A malignancy may arise when any one of these processes escapes its normal control mechanisms, leading to uncontrolled expansion or persistence of an abnormal clone of cells. Malignancies therefore arise by one of three major mechanisms:
• Excessive proliferation of cells
• Failure of cells to differentiate normally
• Failure of cells to undergo normal cell death (apoptosis).
Although one mechanism usually predominates in haematological malignancies, often the other mechanisms contribute to oncogenesis. By definition, a malignancy is monoclonal (i.e. arises from a single abnormal cell), with any abnormalities in the genome being passed from parent to daughter cell. Additional mutations may be acquired by the daughter cells leading to a progressive increase in aggressiveness of the malignancy.
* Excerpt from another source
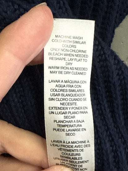 Description : Boxy navy blue knit sweater with a ribbed texture, crew neckline, drop shoulders, and elbow-length sleeves; hem and cuffs are finished with denser ribbing for structure.

To recapitulate from the previous chapters, two major groups of genes have been shown to play a role in malignancy, namely the oncogenes and the tumour suppressor genes. Proto-oncogenes (normal cellular counterparts of oncogenes) are commonly the cell cycle stimulatory proteins (such as growth factors, growth factor receptors or downstream stimulatory molecules). These molecules cause malignancy through gain of function mutations. Tumour suppressor genes are the cell cycle brakes (or control proteins) and are active at the cell cycle checkpoints. The loss of tumour suppressor function is associated with malignant change.
BASIC PATHOLOGY OF THE LEUKAEMIAS AND LYMPHOMAS
The leukaemias are a broad group of malignancies of cells of haemopoietic lineage, which involve the bone marrow and the peripheral blood.